The result should be all the records, exact and complete, without a single picture.

= = =

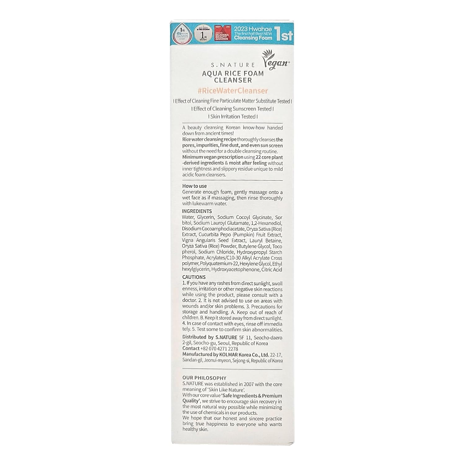 S.NATURE AQUA RICE FOAM CLEANSER | Facial Cleanser, Rice Extract Rice Powder Cleanser with Mild Cleansing, Glycerin,Vegan, Face Wash, Korean Skincareㅣ 160ml 5.4 Fl Oz
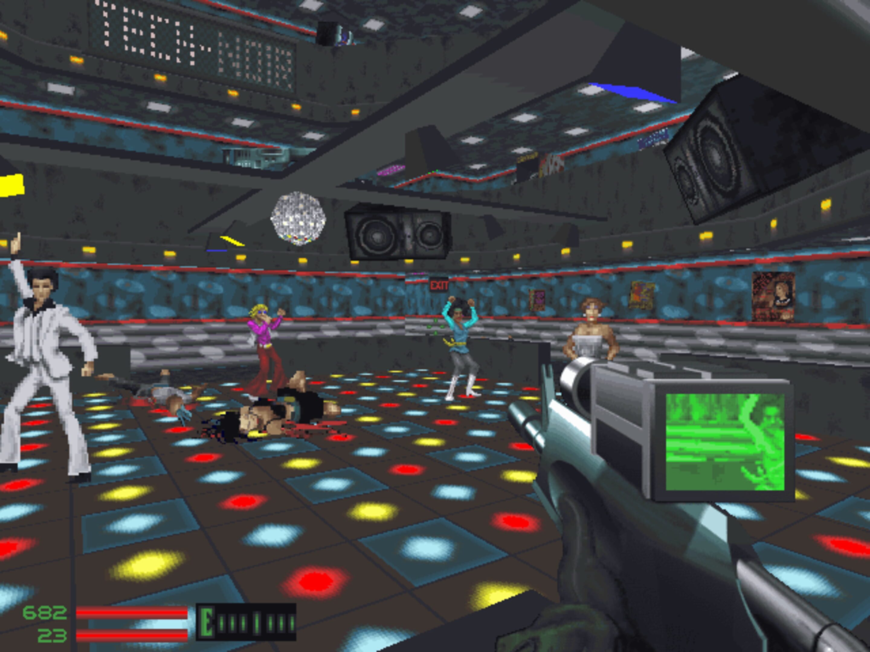 SkyNET is Bethesda’s last game based on the Terminator franchise. Originally developed as an expansion pack to Terminator: Future Shock, SkyNET eventually became its own standalone product. Its major features are an updated version of the Xngine allowing for play in the sharper 640×480 resolution (and the ability to update Future Shock to the same), a new single-player campaign, and a new multiplayer deathmatch component. In the single-player game, you must stop the machines from launching a recovered nuclear weapon. The story takes place over seven missions broken into various sections and “levels,” with night progressing into daylight as the game goes on. The locations are also more varied and interactive than those featured in the first game, with levels like the basement of the Cyberdyne building, and a sinking nuclear submarine. Driving and flying levels return from Future Shock, as do the mission briefings, which are now handled entirely in FMV. The game seems to act as a prequel to Future Shock, with the most advanced technology and player weapons from that game not appearing in the course of the single-player missions in SkyNET. The multiplayer game allows for eight players over a LAN and two over IPX. The levels are contained recreations of sections or ideas in the single-player game, like a block of cityscape, a shattered freeway, or an open valley, and many can be played at either dawn or dusk. Vehicles are available in most levels, and unlike in single-player, can be entered and exited freely. You also have the option to play as a Terminator, with reduced movement speed, a little more toughness, and the classic red-tinted vision with information overlays.
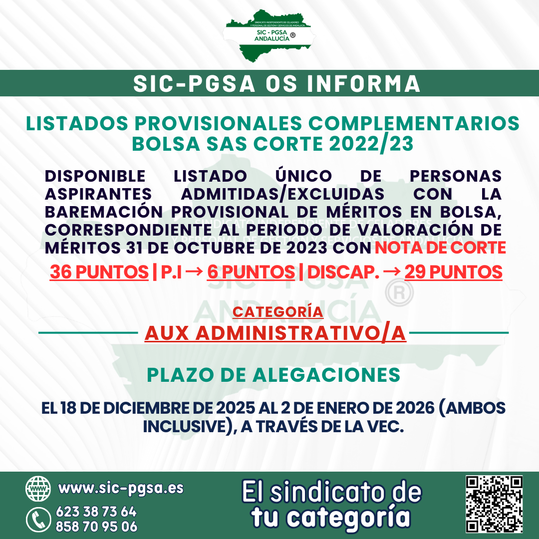 LISTADOS PROVISIONALES COMPLEMENTARIOS BOLSA SAS CORTE 22/23 AUX.ADMINISTRATIVO
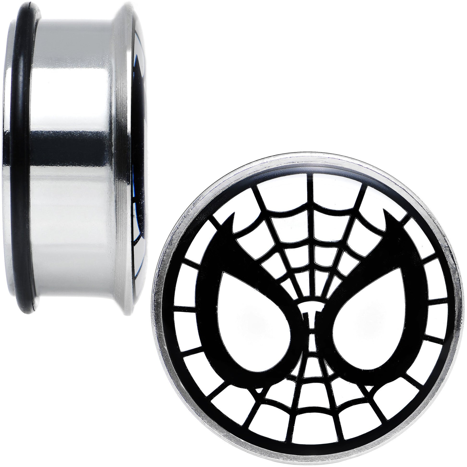25mm stainless steel ear stretcher plugs. Your spider sense will tingle with Marvel Spider-Man logo ear expander plug Body Jewelry.These single flare superhero tunnel plugs are sold as a pair of two (2) and include rubber O-rings. Spider-Man is from Marv
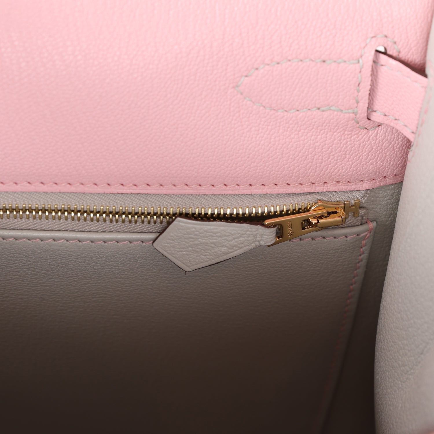 Special Order Kelly, in the Sellier style, is in Rose Sakura chevre leather with brushed gold hardware and has Gris Perle stitching, front flap, two straps with center toggle closure, clochette with lock and two keys, single rolled handle and removable shoulder strap.
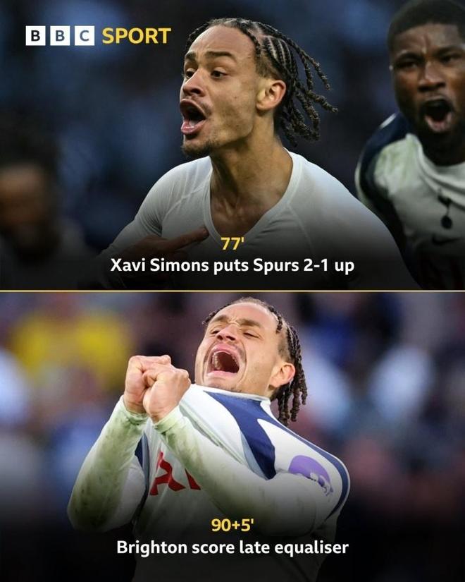 下半场,西蒙斯再度爆发,他在禁区前沿内切晃开角度后,一脚兜射轰出世界波,帮助热刺再次取得领先。就在所有人都以为热刺将凭借这粒精彩进球终结漫长的不胜纪录时,鲁特尔在补时第94分钟完成绝平,将热刺到手的三分硬生生变成一分。
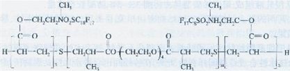 應(yīng)用含有低表面能的含氟鏈段與親水性的聚氧乙烯鏈段的混合型嵌段共聚物,可同時(shí)達(dá)到相對立的兩種效應(yīng),這種親水性含氟防污易去污整理劑的結(jié)構(gòu)如下所示.應(yīng)用含有低表面能的含氟鏈段與親水性的聚氧乙烯鏈段的混合型嵌段共聚物,可同時(shí)達(dá)到相對立的兩種效應(yīng),這種親水性含氟防污易去污整理劑的結(jié)構(gòu)如下所示. 混合型含氟嵌段共聚物在空氣中是疏油的,而在水中是親水的.這種雙重功能效應(yīng)是由于它在空氣中和在水中疏油性鏈段和親水性鏈段排列的方向不同引起的.在空氣中,聚氧乙烯鏈段呈卷曲狀態(tài),拒油性含氟鏈段在紡織品表面定向密集排列,形成具有低表面能的表面而具有拒油性能.在水中,聚氧乙烯產(chǎn)生水合作用而伸展,在織物表面定向排列,通過界面張力變化賦予纖維表面親水性,使纖維具有易去污和防止?jié)裨僬次坌阅?在烘干過程中,親水性鏈段脫水,含氟鏈段重新占有其主要界面.用親水性含氟嵌段共聚物易去污整理劑與適當(dāng)?shù)慕宦?lián)劑(如DMDHEU)共同使用,可提高干態(tài)防污性,并賦予織物較好的易去污性能.
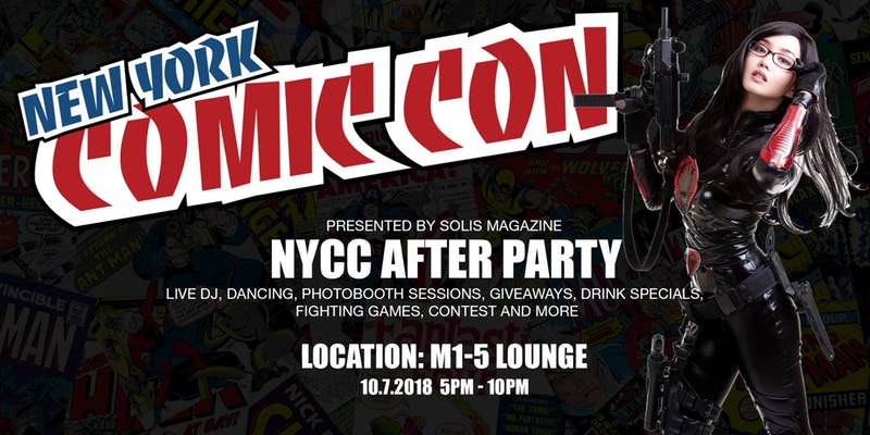 Solis Magazine After Party 2018, M1 Lounge, 52 Walker Street, 5pm –10pm. Solis Magazine presents a Special after party for everyone who attended NYCC 2018, Come dressed as your favorite character and prepare to have a lot of fun. Stay tuned for guest & sponsor info, plus our (cosplay & dance party) announcements. $10 in advance, $15 cash only at the door. Special VIP Seating Available – Limited Seating First come, first serve Basis. Live DJ, dancing, Photobooth Sessions, giveaways, Drink Specials, fighting games, Contest and more. 21+.
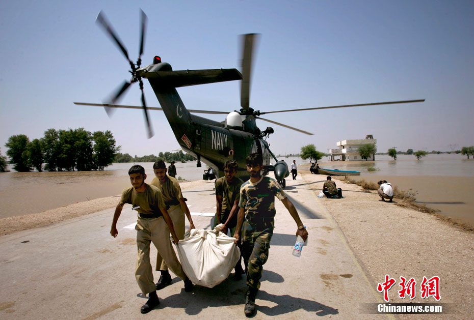 8月11日,巴基斯坦,洪水進(jìn)入信德省中部,一位災(zāi)民被救上直升飛機(jī)。7月下旬以來,巴基斯坦遭遇自1929年以來最嚴(yán)重的洪澇災(zāi)害。據(jù)估計,洪災(zāi)影響到該國從北到南的廣大區(qū)域,已導(dǎo)致1200多人喪生,1400多萬人受到影響。
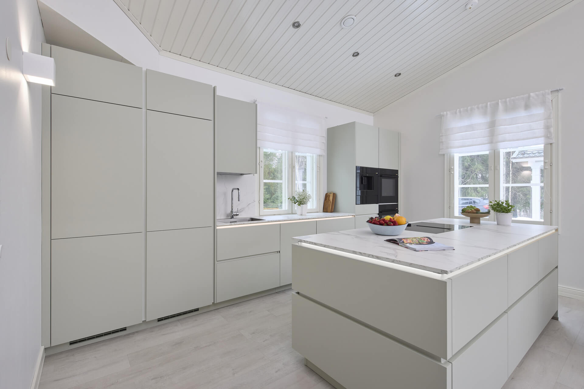 - Keittiön laadukkuus. Kaapistoon integroitu valaistus on yksi suosikkiasia. Se tuntuu jämäkältä, eikä mikään heilu. On hyvä, kun valojen kirkkautta ja sävyä voi itse säätää. Myös laatikot sulkeutuvat tosi pehmeästi, ja kokonaisuudesta tulee laadukas vaikutelma.
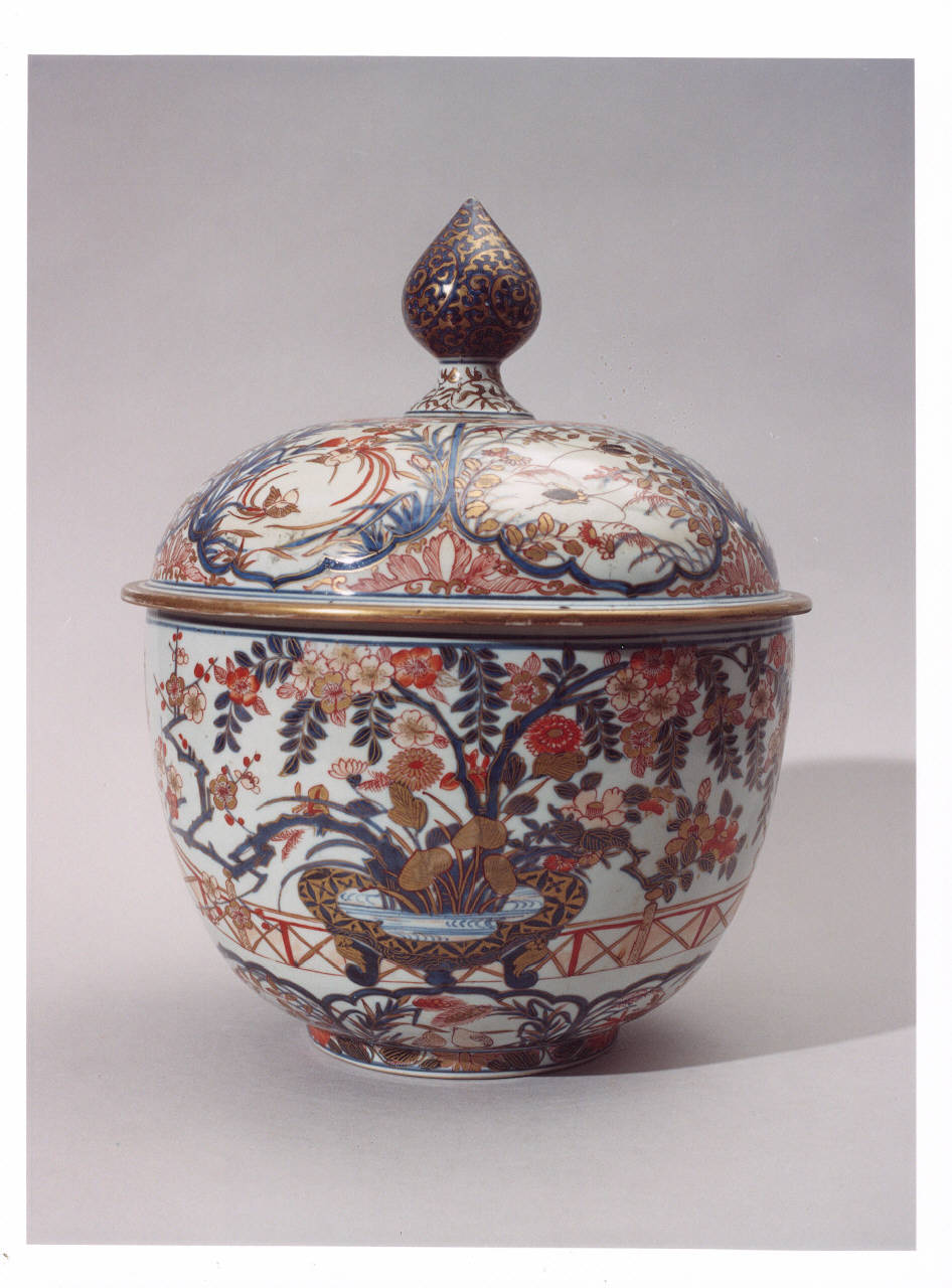 Splendido vaso con coperchio con decoro Imari.

= = =

### Answer box
 S.NATURE AQUA RICE FOAM CLEANSER | Facial Cleanser, Rice Extract Rice Powder Cleanser with Mild Cleansing, Glycerin,Vegan, Face Wash, Korean Skincareㅣ 160ml 5.4 Fl Oz
 SkyNET is Bethesda’s last game based on the Terminator franchise. Originally developed as an expansion pack to Terminator: Future Shock, SkyNET eventually became its own standalone product. Its major features are an updated version of the Xngine allowing for play in the sharper 640×480 resolution (and the ability to update Future Shock to the same), a new single-player campaign, and a new multiplayer deathmatch component. In the single-player game, you must stop the machines from launching a recovered nuclear weapon. The story takes place over seven missions broken into various sections and “levels,” with night progressing into daylight as the game goes on. The locations are also more varied and interactive than those featured in the first game, with levels like the basement of the Cyberdyne building, and a sinking nuclear submarine. Driving and flying levels return from Future Shock, as do the mission briefings, which are now handled entirely in FMV. The game seems to act as a prequel to Future Shock, with the most advanced technology and player weapons from that game not appearing in the course of the single-player missions in SkyNET. The multiplayer game allows for eight players over a LAN and two over IPX. The levels are contained recreations of sections or ideas in the single-player game, like a block of cityscape, a shattered freeway, or an open valley, and many can be played at either dawn or dusk. Vehicles are available in most levels, and unlike in single-player, can be entered and exited freely. You also have the option to play as a Terminator, with reduced movement speed, a little more toughness, and the classic red-tinted vision with information overlays.
 LISTADOS PROVISIONALES COMPLEMENTARIOS BOLSA SAS CORTE 22/23 AUX.ADMINISTRATIVO
25mm stainless steel ear stretcher plugs. Your spider sense will tingle with Marvel Spider-Man logo ear expander plug Body Jewelry.These single flare superhero tunnel plugs are sold as a pair of two (2) and include rubber O-rings. Spider-Man is from Marv
 Special Order Kelly, in the Sellier style, is in Rose Sakura chevre leather with brushed gold hardware and has Gris Perle stitching, front flap, two straps with center toggle closure, clochette with lock and two keys, single rolled handle and removable shoulder strap.
 下半场,西蒙斯再度爆发,他在禁区前沿内切晃开角度后,一脚兜射轰出世界波,帮助热刺再次取得领先。就在所有人都以为热刺将凭借这粒精彩进球终结漫长的不胜纪录时,鲁特尔在补时第94分钟完成绝平,将热刺到手的三分硬生生变成一分。
 應(yīng)用含有低表面能的含氟鏈段與親水性的聚氧乙烯鏈段的混合型嵌段共聚物,可同時(shí)達(dá)到相對立的兩種效應(yīng),這種親水性含氟防污易去污整理劑的結(jié)構(gòu)如下所示.應(yīng)用含有低表面能的含氟鏈段與親水性的聚氧乙烯鏈段的混合型嵌段共聚物,可同時(shí)達(dá)到相對立的兩種效應(yīng),這種親水性含氟防污易去污整理劑的結(jié)構(gòu)如下所示. 混合型含氟嵌段共聚物在空氣中是疏油的,而在水中是親水的.這種雙重功能效應(yīng)是由于它在空氣中和在水中疏油性鏈段和親水性鏈段排列的方向不同引起的.在空氣中,聚氧乙烯鏈段呈卷曲狀態(tài),拒油性含氟鏈段在紡織品表面定向密集排列,形成具有低表面能的表面而具有拒油性能.在水中,聚氧乙烯產(chǎn)生水合作用而伸展,在織物表面定向排列,通過界面張力變化賦予纖維表面親水性,使纖維具有易去污和防止?jié)裨僬次坌阅?在烘干過程中,親水性鏈段脫水,含氟鏈段重新占有其主要界面.用親水性含氟嵌段共聚物易去污整理劑與適當(dāng)?shù)慕宦?lián)劑(如DMDHEU)共同使用,可提高干態(tài)防污性,并賦予織物較好的易去污性能.
 Solis Magazine After Party 2018, M1 Lounge, 52 Walker Street, 5pm –10pm. Solis Magazine presents a Special after party for everyone who attended NYCC 2018, Come dressed as your favorite character and prepare to have a lot of fun. Stay tuned for guest & sponsor info, plus our (cosplay & dance party) announcements. $10 in advance, $15 cash only at the door. Special VIP Seating Available – Limited Seating First come, first serve Basis. Live DJ, dancing, Photobooth Sessions, giveaways, Drink Specials, fighting games, Contest and more. 21+.
 8月11日,巴基斯坦,洪水進(jìn)入信德省中部,一位災(zāi)民被救上直升飛機(jī)。7月下旬以來,巴基斯坦遭遇自1929年以來最嚴(yán)重的洪澇災(zāi)害。據(jù)估計,洪災(zāi)影響到該國從北到南的廣大區(qū)域,已導(dǎo)致1200多人喪生,1400多萬人受到影響。
 - Keittiön laadukkuus. Kaapistoon integroitu valaistus on yksi suosikkiasia. Se tuntuu jämäkältä, eikä mikään heilu. On hyvä, kun valojen kirkkautta ja sävyä voi itse säätää. Myös laatikot sulkeutuvat tosi pehmeästi, ja kokonaisuudesta tulee laadukas vaikutelma.
 Splendido vaso con coperchio con decoro Imari.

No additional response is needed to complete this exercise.